With my car still unreliable, I thought I’d take the train to work. Unlike the last time I tried it, when I sat on a non-moving train for ages before it finally departed, this morning’s left bang on time, leaving me and about four other passengers behind cursing its departing carriages.
I would have caught the wretched thing if it hadn’t been for sodding “revenue protection staff” forming a physical barrier and forcing me to waste a valuable 5 minutes buying my ticket instead of deferring the purchase to ontrain staff if and when they deign to show themselves.
So, I find myself with an hour to kill kicking my heels at Nottingham Midland railway station. I spend most of it half-peoplewatching half-paperback novel reading. While Kinsey flies out to Fort Worth, I’m trying to suppress the psychopathy bubbling over that threatens to send me amok among the passengers.
Braying fools in expensive suits and ostentatious cufflinks.

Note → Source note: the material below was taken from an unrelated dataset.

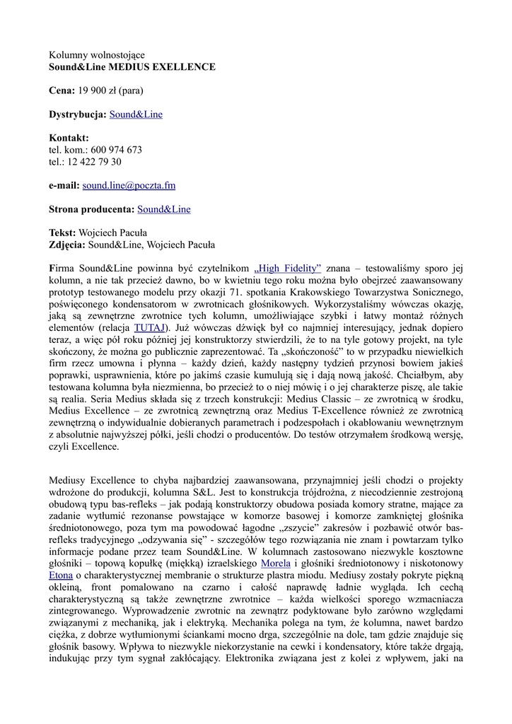 Kolumny wolnostojące Sound&Line MEDIUS EXELLENCE Cena: 19 900 zł (para) Dystrybucja: Sound&Line Kontakt: tel. kom.: 600 974 673 tel.: 12 422 79 30 e-mail: [email protected] Strona producenta: Sound&Line Tekst: Wojciech Pacuła Zdjęcia: Sound&Line, Wojciech Pacuła Firma Sound&Line powinna być czytelnikom „High Fidelity” znana – testowaliśmy sporo jej kolumn, a nie tak przecież dawno, bo w kwietniu tego roku można było obejrzeć zaawansowany prototyp testowanego modelu przy okazji 71. spotkania Krakowskiego Towarzystwa Sonicznego, poświęconego kondensatorom w zwrotnicach głośnikowych. Wykorzystaliśmy wówczas okazję, jaką są zewnętrzne zwrotnice tych kolumn, umożliwiające szybki i łatwy montaż różnych elementów (relacja TUTAJ). Już wówczas dźwięk był co najmniej interesujący, jednak dopiero teraz, a więc pół roku później jej konstruktorzy stwierdzili, że to na tyle gotowy projekt, na tyle skończony, że można go publicznie zaprezentować. Ta „skończoność” to w przypadku niewielkich firm rzecz umowna i płynna – każdy dzień, każdy następny tydzień przynosi bowiem jakieś poprawki, usprawnienia, które po jakimś czasie kumulują się i dają nową jakość. Chciałbym, aby testowana kolumna była niezmienna, bo przecież to o niej mówię i o jej charakterze piszę, ale takie są realia. Seria Medius składa się z trzech konstrukcji: Medius Classic – ze zwrotnicą w środku, Medius Excellence – ze zwrotnicą zewnętrzną oraz Medius T-Excellence również ze zwrotnicą zewnętrzną o indywidualnie dobieranych parametrach i podzespołach i okablowaniu wewnętrznym z absolutnie najwyższej półki, jeśli chodzi o producentów. Do testów otrzymałem środkową wersję, czyli Excellence. Mediusy Excellence to chyba najbardziej zaawansowana, przynajmniej jeśli chodzi o projekty wdrożone do produkcji, kolumna S&L. Jest to konstrukcja trójdrożna, z niecodziennie zestrojoną obudową typu bas-refleks – jak podają konstruktorzy obudowa posiada komory stratne, mające za zadanie wytłumić rezonanse powstające w komorze basowej i komorze zamkniętej głośnika średniotonowego, poza tym ma powodować łagodne „zszycie” zakresów i pozbawić otwór basrefleks tradycyjnego „odzywania się” - szczegółów tego rozwiązania nie znam i powtarzam tylko informacje podane przez team Sound&Line. W kolumnach zastosowano niezwykle kosztowne głośniki – topową kopułkę (miękką) izraelskiego Morela i głośniki średniotonowy i niskotonowy Etona o charakterystycznej membranie o strukturze plastra miodu. Mediusy zostały pokryte piękną okleiną, front pomalowano na czarno i całość naprawdę ładnie wygląda. Ich cechą charakterystyczną są także zewnętrzne zwrotnice – każda wielkości sporego wzmacniacza zintegrowanego. Wyprowadzenie zwrotnic na zewnątrz podyktowane było zarówno względami związanymi z mechaniką, jak i elektryką. Mechanika polega na tym, że kolumna, nawet bardzo ciężka, z dobrze wytłumionymi ściankami mocno drga, szczególnie na dole, tam gdzie znajduje się głośnik basowy. Wpływa to niezwykle niekorzystanie na cewki i kondensatory, które także drgają, indukując przy tym sygnał zakłócający. Elektronika związana jest z kolei z wpływem, jaki na podzespoły w zwrotnicy mają potężne magnesy głośników niskotonowych oraz średniotonowych. Toż to przecież stały bias, stałe zakłócenie wprowadzane do sygnału podstawowego. Jak mówi Marcin Michalczyk, jeden z konstruktorów S&L, do tego wszystkiego dodać trzeba „ogromny wpływ na siebie i na pozostałe podzespoły umieszczenie cewek w „ciasnocie” komory głośnika – zbyt bliskie i niewłaściwe położenie wpływa znacząco na zmianę indukcyjności cewek a co za tym idzie na nieplanowana i trudną do wyliczenia zmianę parametrów elektrycznych zwrotnicy.” Rzecz jest od dawna znana, jednak jest niezwykle trudna do opanowania od strony marketingowej i sprzedażowej – trzeba bowiem sprzedać cztery paczki, nie dwie. Trzeba też zwrotnice połączyć z kolumnami godziwymi kablami, a to też znacząco wpływa na cenę końcową. Stąd niemal wszystkie kolumny w sprzedaży mają zwrotnice montowane wewnątrz obudowy. Nie wszystkie na szczęście, a do najbardziej znanych wyjątków należą cudowne monitory Wilson Audio Duette testowane TUTAJ oraz kolumny brytyjskiej firmy Living Voice. Co sensowniejsze firmy starają się zwrotnice odpowiednio ekranować, umieścić z daleka od głośników, tłumić rezonanse, zalewając je w specjalnych materiałach (patrz – Sonus Faber) itp., jednak to tylko półśrodki, które nie są w stanie zastąpić odseparowania kolumny i zwrotnicy. Te ostatnie są w Mediusach umieszczone w bardzo dużych skrzyniach z płyty MDF, oklejonej naturalnym, pięknym fornirem, widocznym też na kolumnach. Tak, to zdecydowanie ciekawe kolumny. Do tej pory testowaliśmy: • • • • Kolumny podstawkowe S&L Enigma Mini Kolumny podłogowe S&L Centurion Kolumny podłogowe S&L Pretorian Duo Kolumny podłogowe S&L Guardian ODSŁUCH Płyty użyte do odsłuchu: • • • • • • • • • • HiQualityCD. Jazz Selection, EMI Music Japan, TOCJ-90010, HQCD + CD; opis TUTAJ. Art Blakey Quartet, A Jazz Massage, Impulse!/Universal Music Japan, UCCI-9043, CD. Basia, It’s That Girl Again, Koch Records/WHD Entertainment, Inc., IECP-10168, HQ CD. Ella Fitzgerald, Clap Hands, Here Comes Charlie!, Verve/PolyGram Records/Victor Entertainment, VICJ 011-4052, XRCD24. Frank Sinatra&Count Basie, It Might As Well Be Swing, Reprise/Universal Music Japan/Sinatra Society of Japan, UICY-94601, SHM-CD. Laurie Anderson, Homeland, Nonesuch, 524055-2, CD+DVD. Madita, Too, Couch Records, CR 20472, CD. Nine Horses, Snow Borne Sorrow, WHD Entertainment, IECP-10002, CD. Pery Como, Como Sings, RCA/BMG Japan, BVCJ-37258, K2 CD. Savage, Tonight, Extravaganza Publishing Srl/Klub80, CD001, 25th Anniversary Limited Ed

Leisure travellers dawdling at the ticket counter, not knowing what type of ticket they want, and in two minds even about their destination. The pillocks who reserve seats then don’t show up. The wanker who wrote the script for the woman who taped the announcements. The cretin who thought up the pricelist for the refreshment trolley. The drunk (at 10am?!) pillocks singing, for some unfathomable reason, the theme from The Italian Job.
It’s a far cry from my normal 35 minutes up the M1 with John Waite and Winnifred Robinson. Even if they do sometimes bring on the same psychopathic reaction.